I tend to agree--if we do it, we ought to do a reasonable reference implementation. (If it gets standardized eventually, then compiler vendors can tune it up, after all). On Tue, Aug 18, 2009 at 2:25 PM, Stephen Nuchia <snuchia@statsoft.com>wrote:
I had drafted an earlier reply but perhaps I botched sending it as I've not seen it come through. My opinion then was that this (a bignum library) is a poor fit for the boost community, considering the amount and kind of platform-specific microoptimization that goes on in the GMP library camp.
But today I'm writing unit tests for some tricky floating-point calculation sequences and it occurs to me that a reliable arbitrary-precision library with a very good API would be just the thing for calculating the "should be" values. Support for crypto and calculator demo programs round out the justification.
A bignum library focused primarily on portable, provably correct "reference implementations" of the algorithms rather than on performance would have a lot of value.

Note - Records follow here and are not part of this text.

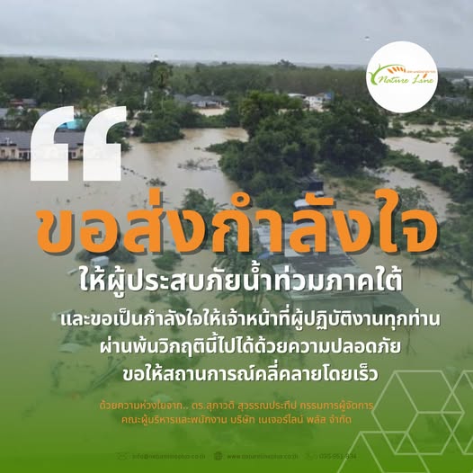 “เนเจอร์ไลน์ พลัส” ขอส่งกำลังใจ ให้ผู้ประสบภัยน้ำท่วมภาคใต้
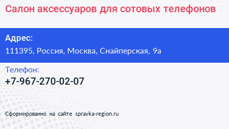 Салон аксессуаров для сотовых телефонов по адресу 111395, Россия, Москва, Снайперская, 9а в дальнейшем Организация, размещена в следующих категориях:
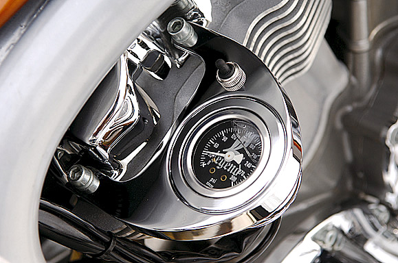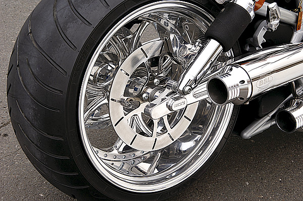 ストックのスタイリングを崩すことなく、ビレットパーツの質感と攻撃的なまでのペイントワークが調和したこのV-RODカスタムにいざ試乗。ハンドルバーはちょうど両手を広げた幅に設置、ステップはミッドコントロールとされる。街中を走れば注目の的。迫力のリアエンドはユーロばかりか、今やワールドスタンダードと言える。
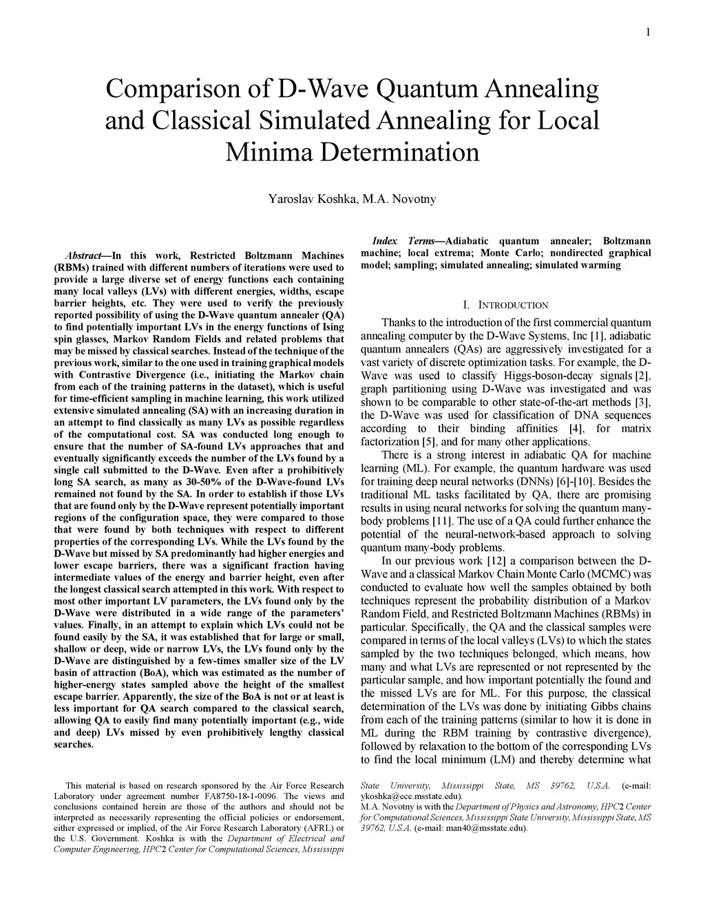 Restricted Boltzmann Machines trained with different numbers of iterations were used to provide a diverse set of energy functions each containing many local valleys (LVs) with different energies, widths, escape barrier heights, etc. They were used to verify the previously reported possibility of using the D-Wave quantum annealer (QA) to find potentially important LVs in the energy functions of Ising spin glasses that may be missed by classical searches. For classical search, extensive simulated annealing (SA) was conducted to find as many LVs as possible regardless of the computational cost. SA was conducted long enough to ensure that the number of SA-found LVs approaches that and eventually significantly exceeds the number of the LVs found by a single call submitted to the D-Wave. Even after a prohibitively long SA search, as many as 30-50% of the D-Wave-found LVs remained not found by the SA. In order to establish if LVs found only by the D-Wave represent potentially important regions of the configuration space, they were compared to those that were found by both techniques. While the LVs found by the D-Wave but missed by SA predominantly had higher energies and lower escape barriers, there was a significant fraction having intermediate values of the energy and barrier height. With respect to most other important LV parameters, the LVs found only by the D-Wave were distributed in a wide range of the parameters' values. It was established that for large or small, shallow or deep, wide or narrow LVs, the LVs found only by the D-Wave are distinguished by a few-times smaller size of the LV basin of attraction (BoA). Apparently, the size of the BoA is not or at least is less important for QA search compared to the classical search, allowing QA to easily find many potentially important (e.g., wide and deep) LVs missed by even prohibitively lengthy classical searches.

My toolbag for writing tests like these includes testing properties of the answers rather than checking their values against predictions, choosing input data for which the output is easy to calculate, or writing a model of the calculation in Mathematica, executing it manually for pre-selected values, and pasting the answers into an expected value table.
The way Mathematica answers the questions "what is the value of this expression, rounded to 53 bits?" is to evaluate the expression using a heuristically determined amount of extra precision and interval arithmetic. If both ends of the result interval round to the same number we have an answer, otherwise the calculation is repeated with increasing precision until the results converge.
Having just recently taken a look at the boost::proto stuff I think it might be possible to directly implement this concept with expressions written in C++. Now that would be a trip!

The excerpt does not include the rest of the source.